This work resolves a decade-old open problem concerning the optimal selection of a k-member committee under Thiele voting rules when voters exhibit interval preferences—i.e., each voter approves a contiguous set of candidates. By establishing a concavity theorem for interval families, the authors prove that the optimal Thiele score is concave with respect to committee size. Leveraging this property together with Lagrangian relaxation, total unimodularity, and concave optimization techniques, they devise the first polynomial-time algorithm for this setting. The approach extends to generalized Thiele rules with individual voter weights, thereby enabling efficient exact optimization for all Thiele rules under interval preferences—a challenge explicitly posed in IJCAI 2015 and AAAI 2018.
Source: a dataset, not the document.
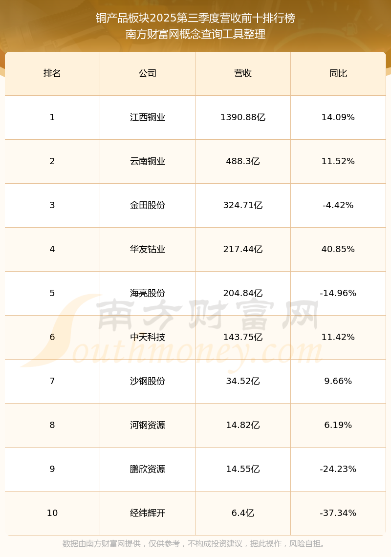 按照南方财富网概念查询工具统计,该股所属板块为铜产品板块,该板块共有11只股票,豫光金铅2025第三季度营收在该板块中排名为第11名,该板块2025第三季度营收排名前十的股票如下表:
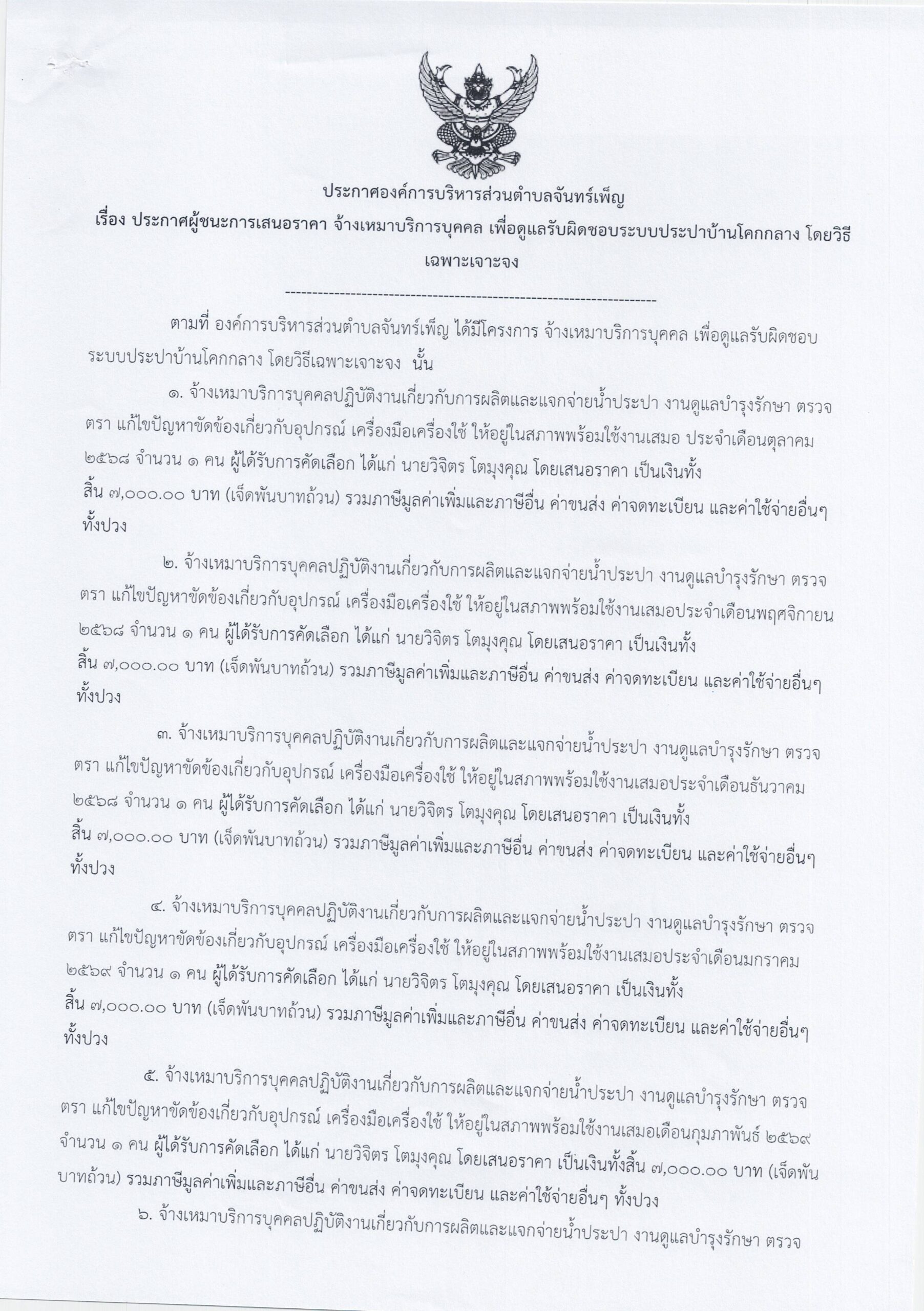 ประกาศ อบต.จันทร์เพ็ญ เรื่อง ประกาศผู้ชนะการเสนอราคา จ้างเหมาบริการบุคคล เพื่อดูแลรับผิดชอบระบบประปาบ้านโคกกลาง โดยวิธีเฉพาะเจาะจง 19 กันยายน 689 ธันวาคม 25อบต. จันทร์เพ็ญประกาศจัดซื้อจัดจ้าง อ่านแล้ว : 1 Facebook iconFacebookTwitter iconTwitterLINE iconLine

We present a polynomial-time algorithm for computing an optimal committee of size $k$ under any given Thiele voting rule for elections on the Voter Interval domain (i.e., when voters can be ordered so that each candidate is approved by a consecutive voters). Our result extends to the Generalized Thiele rule, in which each voter has an individual weight (scoring) sequence. This resolves a 10-year-old open problem that was originally posed for Proportional Approval Voting and later extended to every Thiele rule (Elkind and Lackner, IJCAI 2015; Peters, AAAI 2018). Our main technical ingredient is a new structural result -- a concavity theorem for families of intervals. It shows that, given two solutions of different sizes, one can construct a solution of any intermediate size whose score is at least the corresponding linear interpolation of the two scores. As a consequence, on Voter Interval profiles, the optimal total Thiele score is a concave function of the committee size. We exploit this concavity within an optimization framework based on a Lagrangian relaxation of a natural integer linear program formulation, obtained by moving the cardinality constraint into the objective. On Voter Interval profiles, the resulting constraint matrix is totally unimodular, so it can be solved in polynomial time. Our main algorithm and its proof were obtained via human--AI collaboration. In particular, a slightly simplified version of the main structural theorem used by the algorithm was obtained in a single call to Gemini Deep Think.